Exercise requirements
Word for word, return the lines below from the first through the line that has "En la soleada", dropping the pictures.

[Stored entries]
· · · · · · ·

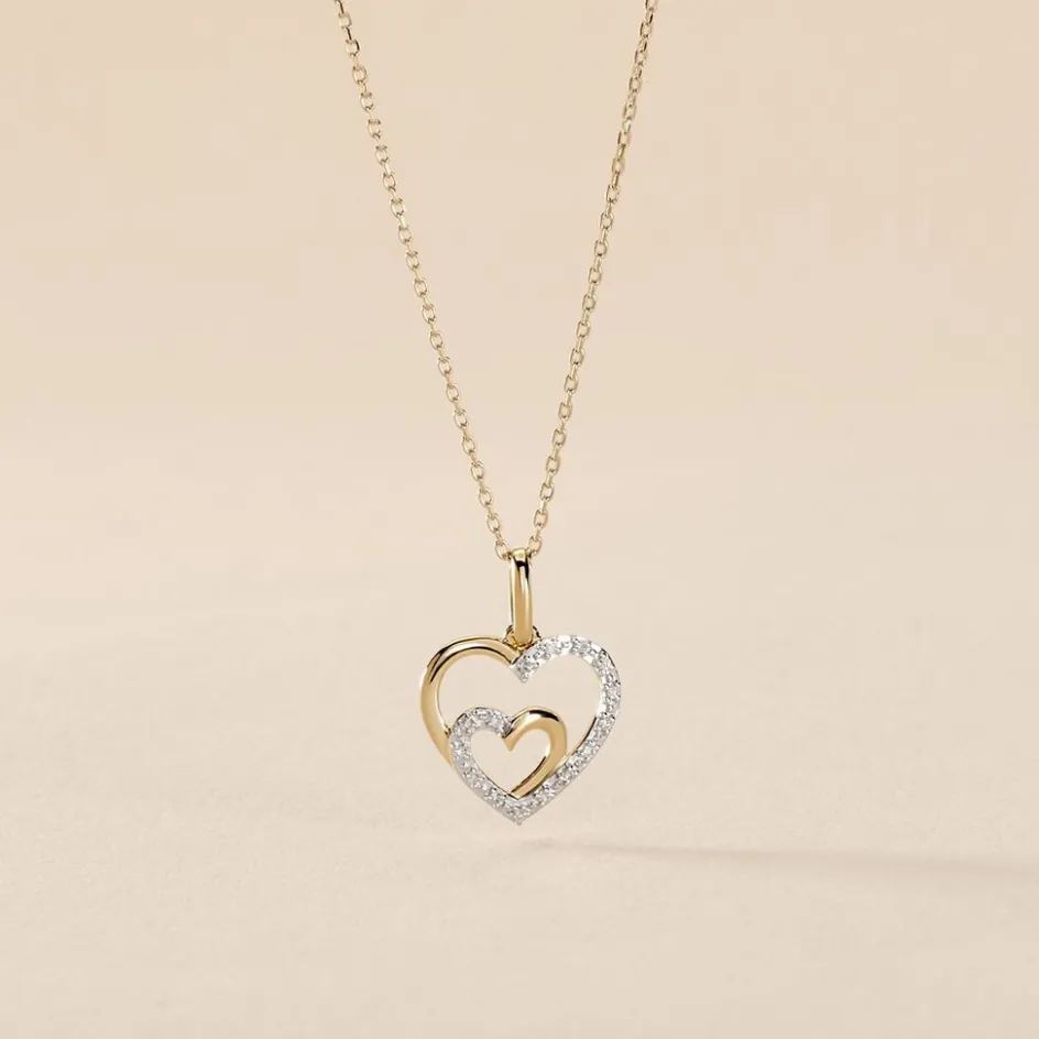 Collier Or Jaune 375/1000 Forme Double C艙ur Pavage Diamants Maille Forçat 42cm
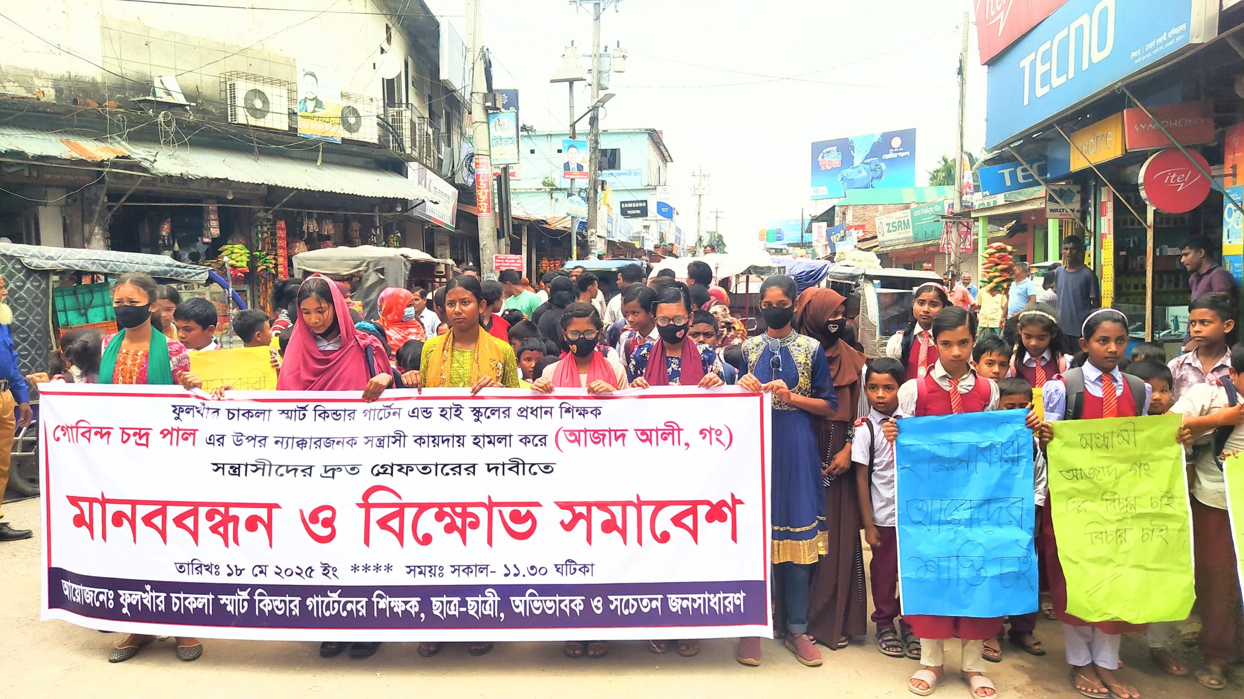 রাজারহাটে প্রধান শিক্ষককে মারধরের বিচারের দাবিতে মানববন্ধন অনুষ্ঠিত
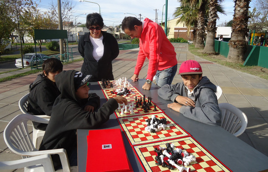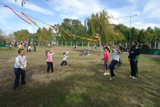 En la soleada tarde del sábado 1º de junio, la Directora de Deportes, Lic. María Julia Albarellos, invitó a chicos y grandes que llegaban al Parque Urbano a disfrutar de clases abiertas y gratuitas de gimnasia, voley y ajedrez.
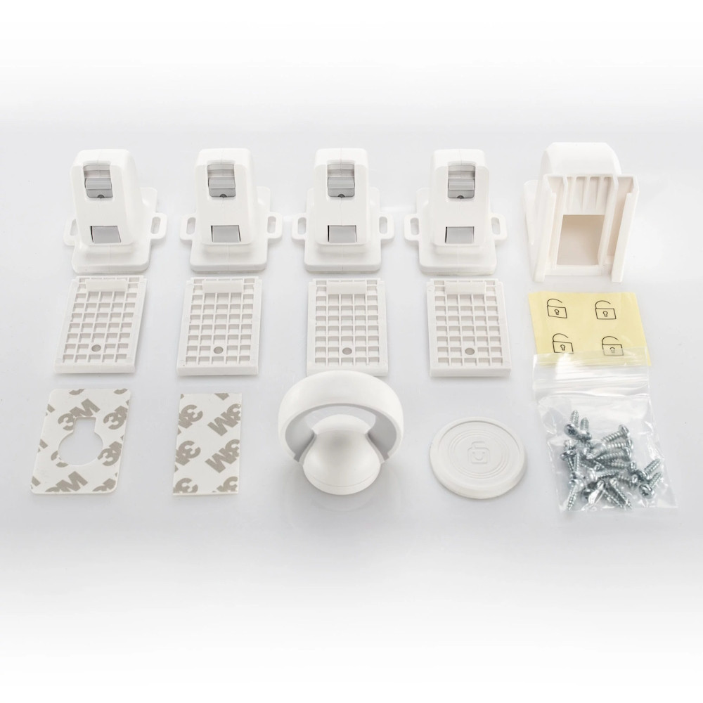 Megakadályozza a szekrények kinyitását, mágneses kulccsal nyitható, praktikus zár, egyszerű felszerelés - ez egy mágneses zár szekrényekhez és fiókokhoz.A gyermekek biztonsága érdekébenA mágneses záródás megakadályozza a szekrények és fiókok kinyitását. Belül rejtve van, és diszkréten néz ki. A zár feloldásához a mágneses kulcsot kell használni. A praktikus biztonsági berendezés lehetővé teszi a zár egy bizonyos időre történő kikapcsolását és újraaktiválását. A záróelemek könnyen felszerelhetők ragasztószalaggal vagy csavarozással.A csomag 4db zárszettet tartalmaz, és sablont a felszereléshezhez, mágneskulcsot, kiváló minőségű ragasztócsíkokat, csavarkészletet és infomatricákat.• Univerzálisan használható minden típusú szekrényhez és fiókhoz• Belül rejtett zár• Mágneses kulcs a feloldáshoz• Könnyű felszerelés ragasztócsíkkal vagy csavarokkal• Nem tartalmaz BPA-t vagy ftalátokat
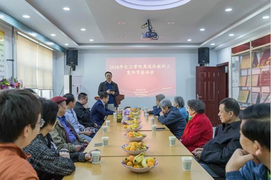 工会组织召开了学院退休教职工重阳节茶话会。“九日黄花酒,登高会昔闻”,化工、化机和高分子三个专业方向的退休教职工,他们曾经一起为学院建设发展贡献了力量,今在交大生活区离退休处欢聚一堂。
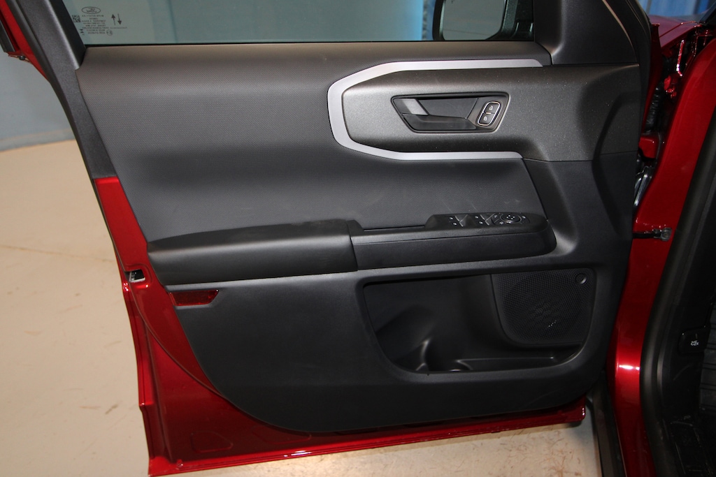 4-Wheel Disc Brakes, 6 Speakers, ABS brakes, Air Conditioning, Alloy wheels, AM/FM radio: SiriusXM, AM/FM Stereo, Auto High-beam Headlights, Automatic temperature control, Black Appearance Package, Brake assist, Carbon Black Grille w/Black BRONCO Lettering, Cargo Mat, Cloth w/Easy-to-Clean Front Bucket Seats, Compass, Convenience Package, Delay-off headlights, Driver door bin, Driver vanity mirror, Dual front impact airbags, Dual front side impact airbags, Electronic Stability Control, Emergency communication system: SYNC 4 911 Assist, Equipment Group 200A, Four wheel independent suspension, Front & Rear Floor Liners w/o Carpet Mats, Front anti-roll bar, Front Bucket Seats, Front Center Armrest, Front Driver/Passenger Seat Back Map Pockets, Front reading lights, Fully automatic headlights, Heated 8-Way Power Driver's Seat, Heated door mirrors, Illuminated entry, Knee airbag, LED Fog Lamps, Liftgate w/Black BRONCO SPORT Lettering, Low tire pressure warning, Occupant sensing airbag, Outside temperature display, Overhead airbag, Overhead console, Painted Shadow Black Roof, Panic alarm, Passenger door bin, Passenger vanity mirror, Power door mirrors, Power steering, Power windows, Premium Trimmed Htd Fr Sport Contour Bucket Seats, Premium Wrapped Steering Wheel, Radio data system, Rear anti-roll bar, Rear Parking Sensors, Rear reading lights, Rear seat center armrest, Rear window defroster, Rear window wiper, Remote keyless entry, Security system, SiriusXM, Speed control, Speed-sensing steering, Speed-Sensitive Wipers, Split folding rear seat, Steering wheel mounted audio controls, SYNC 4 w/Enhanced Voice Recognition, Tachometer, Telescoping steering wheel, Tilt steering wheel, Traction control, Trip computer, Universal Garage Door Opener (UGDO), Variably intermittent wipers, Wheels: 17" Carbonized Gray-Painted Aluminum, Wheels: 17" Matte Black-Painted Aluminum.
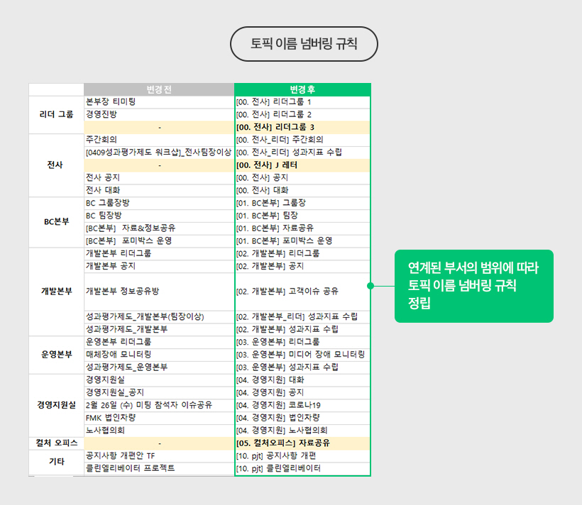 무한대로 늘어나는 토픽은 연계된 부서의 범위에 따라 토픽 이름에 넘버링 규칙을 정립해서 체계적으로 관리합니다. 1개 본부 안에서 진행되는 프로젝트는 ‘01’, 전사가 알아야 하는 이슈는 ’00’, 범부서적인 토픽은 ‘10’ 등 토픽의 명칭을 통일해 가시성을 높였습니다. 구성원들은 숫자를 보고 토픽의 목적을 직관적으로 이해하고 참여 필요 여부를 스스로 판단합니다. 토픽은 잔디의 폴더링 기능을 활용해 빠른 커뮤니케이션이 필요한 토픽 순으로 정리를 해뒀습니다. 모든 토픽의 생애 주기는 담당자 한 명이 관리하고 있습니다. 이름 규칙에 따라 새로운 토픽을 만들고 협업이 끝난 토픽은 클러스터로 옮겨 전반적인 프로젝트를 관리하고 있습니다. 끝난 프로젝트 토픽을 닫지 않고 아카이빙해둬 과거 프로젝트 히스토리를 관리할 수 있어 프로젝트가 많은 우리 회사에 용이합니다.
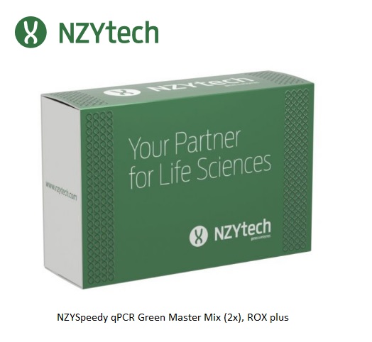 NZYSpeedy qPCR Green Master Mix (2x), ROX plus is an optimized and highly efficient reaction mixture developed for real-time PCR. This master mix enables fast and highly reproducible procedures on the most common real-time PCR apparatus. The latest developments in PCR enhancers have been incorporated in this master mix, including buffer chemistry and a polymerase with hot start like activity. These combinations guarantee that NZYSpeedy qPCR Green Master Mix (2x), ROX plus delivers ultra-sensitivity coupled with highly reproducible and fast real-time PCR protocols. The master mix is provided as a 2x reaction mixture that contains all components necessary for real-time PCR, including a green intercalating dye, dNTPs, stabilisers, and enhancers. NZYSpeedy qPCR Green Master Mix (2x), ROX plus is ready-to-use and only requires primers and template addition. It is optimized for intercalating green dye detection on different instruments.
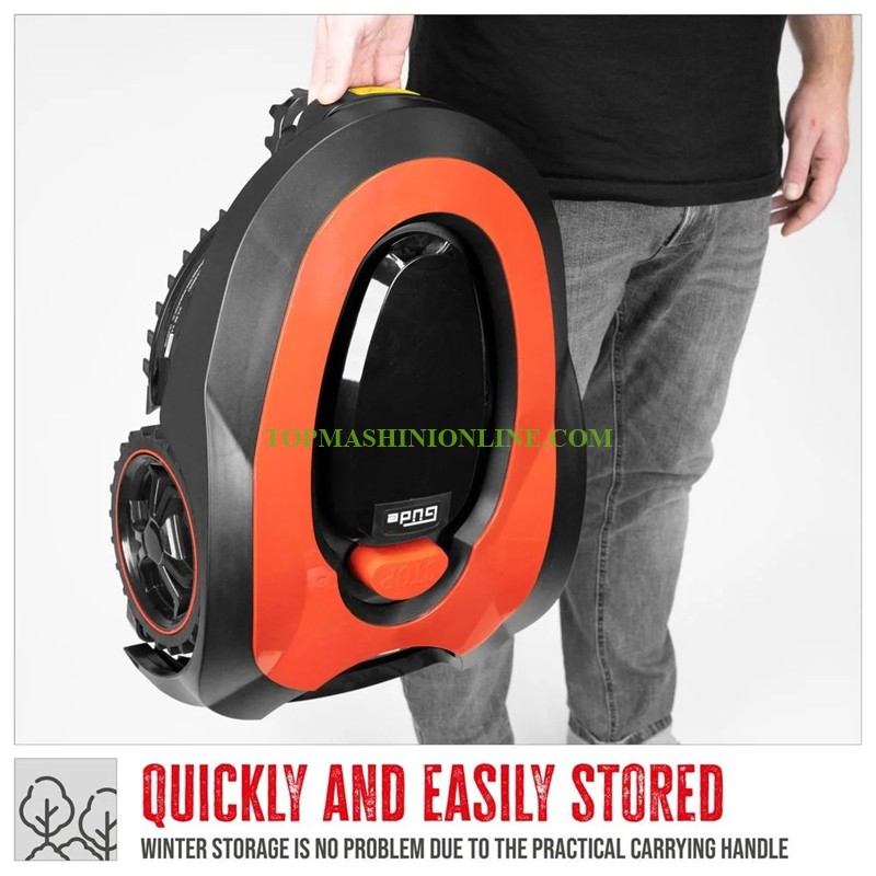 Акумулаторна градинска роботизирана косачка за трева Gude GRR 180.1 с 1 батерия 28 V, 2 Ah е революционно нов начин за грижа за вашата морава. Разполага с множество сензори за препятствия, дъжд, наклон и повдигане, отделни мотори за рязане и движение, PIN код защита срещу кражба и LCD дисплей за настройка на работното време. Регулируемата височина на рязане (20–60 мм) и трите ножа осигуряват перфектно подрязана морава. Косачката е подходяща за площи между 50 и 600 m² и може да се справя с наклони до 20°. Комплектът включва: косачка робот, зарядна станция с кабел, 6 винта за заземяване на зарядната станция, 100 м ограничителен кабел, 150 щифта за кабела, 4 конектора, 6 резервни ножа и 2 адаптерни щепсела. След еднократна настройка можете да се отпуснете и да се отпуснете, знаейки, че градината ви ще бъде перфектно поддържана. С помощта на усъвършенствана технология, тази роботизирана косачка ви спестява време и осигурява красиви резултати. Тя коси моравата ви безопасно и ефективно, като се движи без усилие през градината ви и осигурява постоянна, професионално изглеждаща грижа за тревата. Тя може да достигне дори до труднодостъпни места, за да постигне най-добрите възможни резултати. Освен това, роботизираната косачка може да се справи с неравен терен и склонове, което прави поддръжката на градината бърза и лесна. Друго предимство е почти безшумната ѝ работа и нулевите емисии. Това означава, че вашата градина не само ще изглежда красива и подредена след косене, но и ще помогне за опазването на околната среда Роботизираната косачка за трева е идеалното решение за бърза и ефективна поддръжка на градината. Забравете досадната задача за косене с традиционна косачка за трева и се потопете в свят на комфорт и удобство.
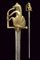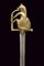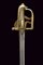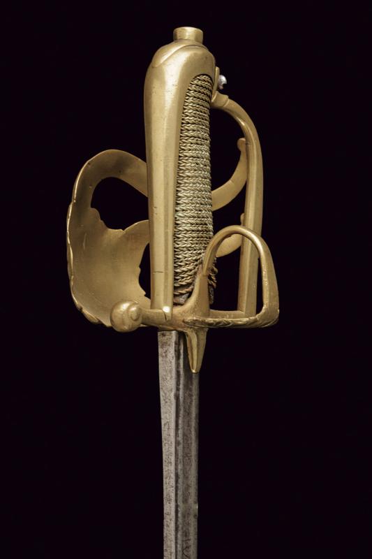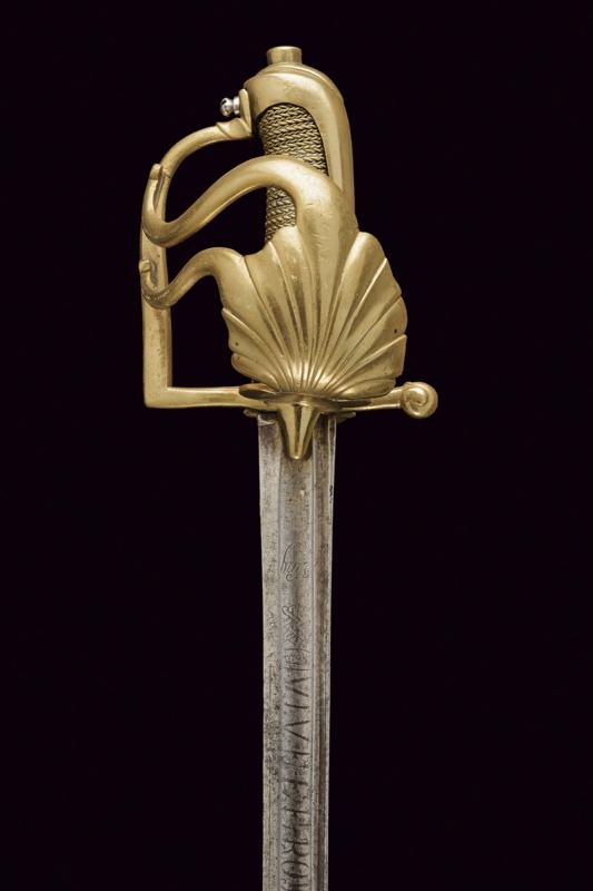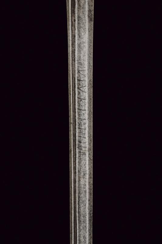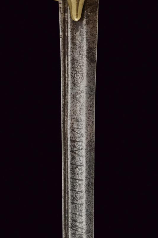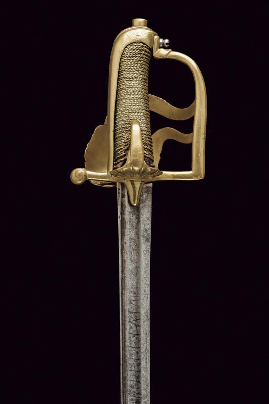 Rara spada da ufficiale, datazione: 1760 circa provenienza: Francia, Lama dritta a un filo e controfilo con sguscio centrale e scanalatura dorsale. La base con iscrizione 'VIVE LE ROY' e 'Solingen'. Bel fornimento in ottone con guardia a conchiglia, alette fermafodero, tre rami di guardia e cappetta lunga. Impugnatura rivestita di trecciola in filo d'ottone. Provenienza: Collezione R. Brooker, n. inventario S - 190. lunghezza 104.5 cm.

· · · · · · ·

Task result
 Collier Or Jaune 375/1000 Forme Double C艙ur Pavage Diamants Maille Forçat 42cm
 রাজারহাটে প্রধান শিক্ষককে মারধরের বিচারের দাবিতে মানববন্ধন অনুষ্ঠিত
 En la soleada tarde del sábado 1º de junio, la Directora de Deportes, Lic. María Julia Albarellos, invitó a chicos y grandes que llegaban al Parque Urbano a disfrutar de clases abiertas y gratuitas de gimnasia, voley y ajedrez.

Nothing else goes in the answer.